I'm fine with letting everyone try to program. Everyone should try to paint, write, make movies, play music, all those good things.
But if nobody tells someone they're stupid after they've proved repeatedly to be stupid--if we, as a culture, are too nice to leave bad reviews of bad work; if we overlook that time that Bob's excel sheet cost the company five days of downtime, and how we had to hire three extra interns to do redundant data-entry for it--then Bob might think people should be paying him a professional programmer's salary for his time. Bob might put out his shingle as a programmer. And now, the market has one more lemon.
There are some things which require real, natural (or nurtured-in, at least) talents. Singing, for example. Everything I've experienced in dealing with other programmers tells me that programming skill, in the end, is just an outgrowth of the ability to think logically, systematically, and formally--and that these abilities are part of your mental architecture, and, if they're not determined genetically, at least can only be developed when you're young. By the time someone comes into their first high-school programming class, they already will or won't be an Engineer by mindset, and there's no switch you can flick on them, no number of facts and rules you can teach, to turn that around.
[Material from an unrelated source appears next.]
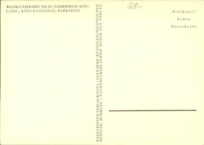 11474963 Cambridge Cambridgeshire Weltkunstkarte Kings College postalisch nicht gelaufen Erhaltung siehe scans KatCode: 11570UKH1H12UB
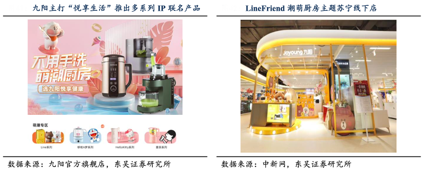 經典案例:根據九陽官方旗艦店、中新網、東吳證券研究所等綜合資訊表明,為進一步抓住趨勢順應年輕化消費群體崛起趨勢,九陽與潮萌品牌進行跨界 IP 合作,推出以LineFriends為代表的潮萌小家電,打造“高顏值”產品,滿足千禧一代消費群體為代表的新需求,建立文化認同與品牌共鳴。

To use a slightly-sour analogy, it's like the cases of children found surviving in the wild, and taken into society. They can learn words, in the same way a chimpanzee does, but they never become able to grasp syntax--their mental architecture has already set, and that component wasn't included. Logical/formal/systems thinking seems to be like this. If anyone needs to teach it, it's parents, and probably around the same age as reading. But we literally don't know what it is that's needed, specifically; what exercise you can do with a kid to "induce" logical thinking. What did we do when we were young? Play with lego? Play pretend?
I'm not completely sure I agree with you yet, but this argument does mesh very well with the trope that so many programmers first started programming when they were very young. I was playing with BASIC at age 5, and anecdotally I've heard very similar stories from other programmers at a rate that exceeds what my expectation would be of a random distribution, and definitely exceeds corresponding anecdotal evidence from other professions (i.e. number of people in profession X who were doing X at a very young age).
The point of possible disagreement is that I'm still inclined to think that any person can learn how to program at any point in time, but that it is just exceedingly uncommon for them to actually do so. Typical CS classes are certainly not going to accomplish it. Like you said, it's about thinking logically, systematically, and formally. I think very few people actually try to learn how to do that late in life. If you don't already have it, you probably don't value it enough to try to get it. It's almost tautological: how would someone who doesn't think rigorously be convinced of the value of thinking rigorously?
Get out of people's way and stop telling them they're stupid, and they will fucking amaze you.